В конце концов все — и солдаты, и беженцы — слились в одну длинную бесформенную колонну; иногда появлялись вражеские самолеты, зловеще кружили чуть не над самыми нашими головами, затем улетали, выпустив несколько пулеметных очередей.
Я знал, что именно в эти дни ты должен был родиться, но о дне твоего рождения узнал только два месяца спустя, когда, демобилизовавшись, в штатском костюме, купленном в Ангулеме, вернулся в Париж.
Твоя жизнь уже шла своим чередом, все в тех же двух комнатах — кроватка, пеленки, резиновая ванночка, рожки, сгущенное молоко; мама ходила дома в своем медицинском халате.
Я не был убит, не был ранен, не попал в плен. После этого своеобразного антракта, для многих столь трагического, мне оставалось только вернуться в бюро, к своим прежним обязанностям.
Впрочем, не все служащие вернулись в здание на улице Лафит, кое-кто даже из руководящего персонала, среди которого было несколько евреев; они покинули Париж еще до вступления в город гитлеровских войск и укрылись в свободной зоне, некоторые успели добраться до Англии или Америки.
И вот меня, подобно пешке, передвинули на две клеточки вперед, и мы временно получили на шоссе у парка Монсури квартиру одного из прежних моих начальников. Имя его было Леви, он в то время находился в Португалии, где ждал очереди на пароход, идущий в Нью-Йорк, и его вполне устраивало, чтобы в его квартире жили мы, а не немцы.
В этой квартире мы прожили всю войну, а потом еще год, потому что Леви вернулся только в сорок шестом. В сущности, она и была твоим первым домом, так что свою жизнь ты начал среди чужой обстановки, которая принадлежала чужим людям.

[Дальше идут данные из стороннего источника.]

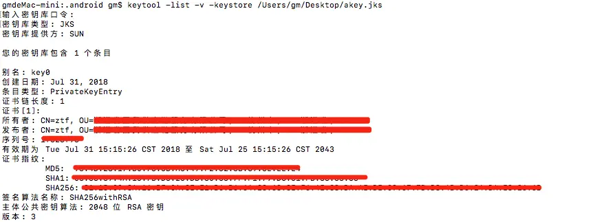 6.等待打包成功后打开终端,输入keytool -list -v -keystore 加路径,再输入密码即可

Помню, когда тебе было года два и ты только начал открывать для себя мир, это обстоятельство очень меня огорчало.
Записки эти и писать бы не стоило, если не говорить в них всей правды. Из рассказов ты знаешь о тогдашних лишениях. Твоя мать с ног сбивалась в бесконечных поисках продуктов. Не было топлива, не было света. Людей пытали, расстреливали. Забирали отцов, оставляя семьи без помощи и защиты, убивали детей.
Да, конечно, все это было ужасно, и все же особенно — не суди меня строго — я страдал от того, что тебе приходилось расти среди чужих вещей. Здесь не было ничего нашего: на стенах висели портреты, принадлежавшие незнакомой семье, и эти чужие дяди, тети, дедушки раздражали меня.

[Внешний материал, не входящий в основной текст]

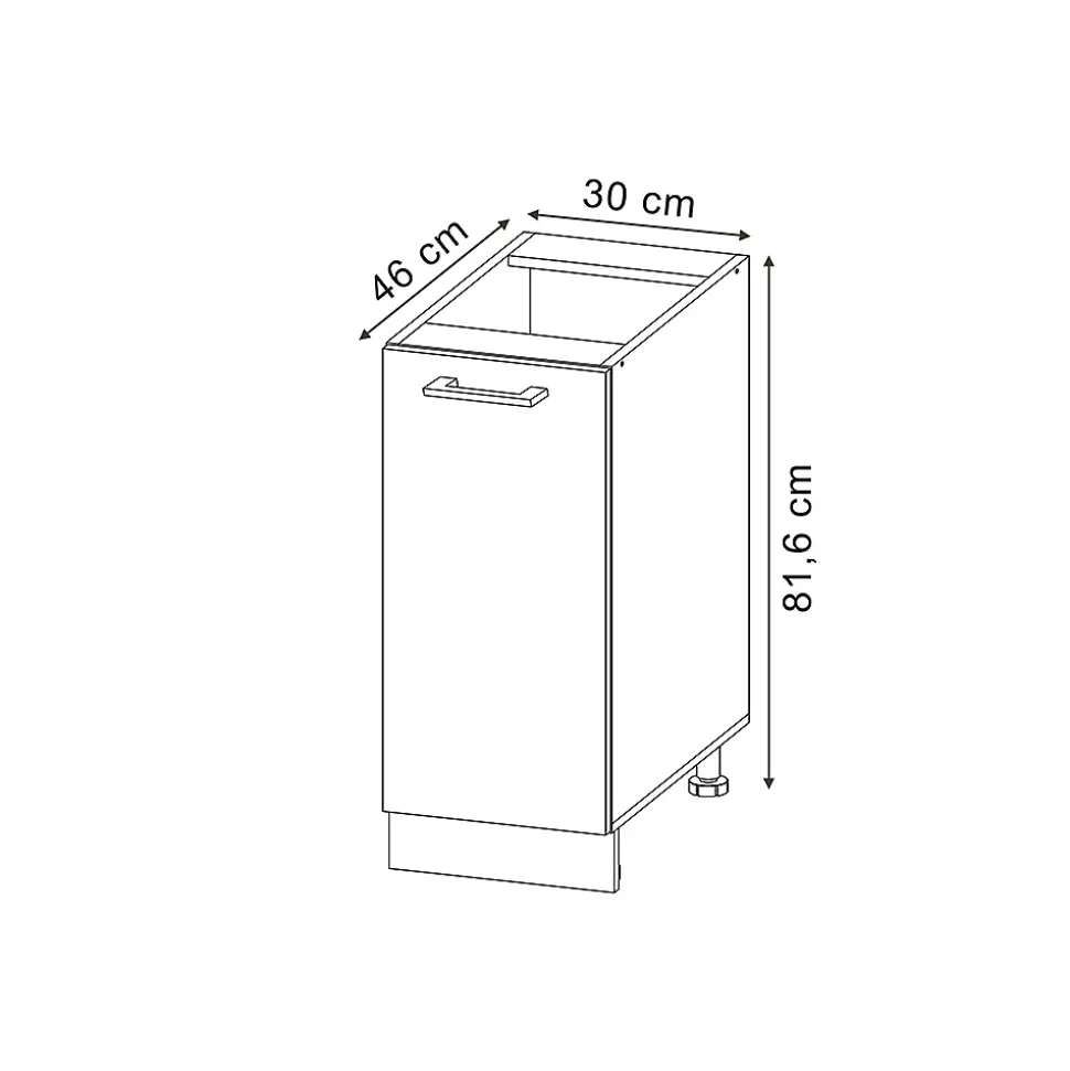 L’armoire de cuisine « R-Line » est le choix parfait pour votre maison. Son design optimal et son aspect agréable s’adaptent à tous les intérieurs. Profitez d’une utilisation facile et plaisante grâce à sa conception bien pensée.Les éléments bas de cuisine offrent une grande flexibilité avec des modules convertibles et supplémentaires disponibles. La hauteur des pieds ajustables ajoute encore plus de versatilité.DIMENSIONS : Le meuble bas de cuisine mesure 30 cm – Largeur, 81,6 cm – Hauteur, 46 cm – Profondeur. Toutes les tailles détaillées sont indiquées sur les photos.MATÉRIAU: Le mobilier de cuisine est composé de panneaux de particules de 16 mm faciles à entretenir, avec un revêtement en résine mélamine.CONTENU DE LA LIVRAISON: Meuble bas de cuisine en kit (Remarque: la décoration n’est pas incluse dans la livraison), Instructions de montage, Matériel de montage.

Квартира была огромной и более комфортабельной, чем я мог бы предоставить тебе в мирное время. Три большие спальни с богатой громоздкой мебелью, всюду персидские ковры, в столовой можно было накрыть стол на двадцать персон.
— Осторожно с этим креслом, Жан-Поль! Оно не наше!

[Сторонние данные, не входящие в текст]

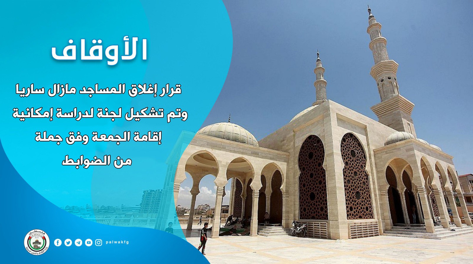 أكدت وزارة الأوقاف والشؤون الدينية أن قرارها القاضي بإغلاق المساجد وإيقاف إقامة صلاة الجمعة والجماعات فيها مازال ساريًا. وأوضحت الأوقاف أنه تم تشكيل لجنة حكومية مختصة من ا
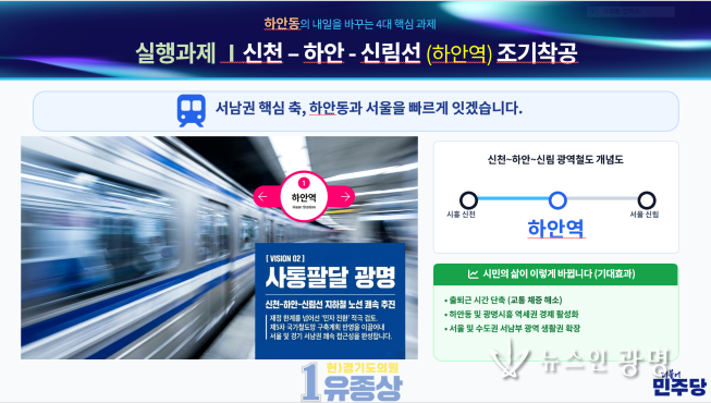 이번 공약의 핵심은 ▲신천~하안~신림선 조기 착공 ▲하안주공아파트 재건축 신속 추진 ▲광명·시흥 3기 신도시 보상 조속 이행 ▲광명형 통합돌봄 시스템 구축 등이다.

Все было там не нашим, кроме детской мебели, и мы считали своим долгом вернуть квартиру владельцу в том виде, в каком ее получили. Даже к бумаге, которую я обнаружил в ящиках письменного стола, я не притронулся.
У нас была служанка Фернанда, наверное, ты ее помнишь, она потом вышла за монтера и ушла от нас. Почти весь день она просиживала с тобой на скамейке в парке, потому что твоя мама никогда не была так занята, как в то время.
Возможно, ты будешь неприятно удивлен, но я уверен, что для нее это были лучшие годы в нашей совместной жизни.
В бюро война почти не ощущалась — работа шла своим чередом, как и прежде, вот только приходилось сталкиваться с новыми проблемами, а штат сократился на добрую треть.
Ты поразился бы, если бы взглянул на войну и оккупацию глазами прогнозиста, то есть увидел бы те формулы и цифры, которые видел я. Убийства, смерть от голода, холода, лишений, смерть в лагерях, от пожаров, возникавших вследствие необычных причин, несчастные случаи, которые не снились прежней полиции, — все это сосредоточивалось в моем бюро и застывало в виде математических уравнений.
А твоя мать сталкивалась с другой войной, реальной, и прежде всего как хозяйка, которой необходимо было кормить семью, — она была вынуждена ездить по деревням и пускаться во всякие неприглядные комбинации.
Она знала и другую войну. Но не сразу сказала мне об этом. Однажды вечером, когда я, вернувшись со службы, поцеловал ее, она вдруг пристально посмотрела мне в глаза, словно хотела о чем-то предупредить, и, незаметно указывая на тебя, приложила палец к губам.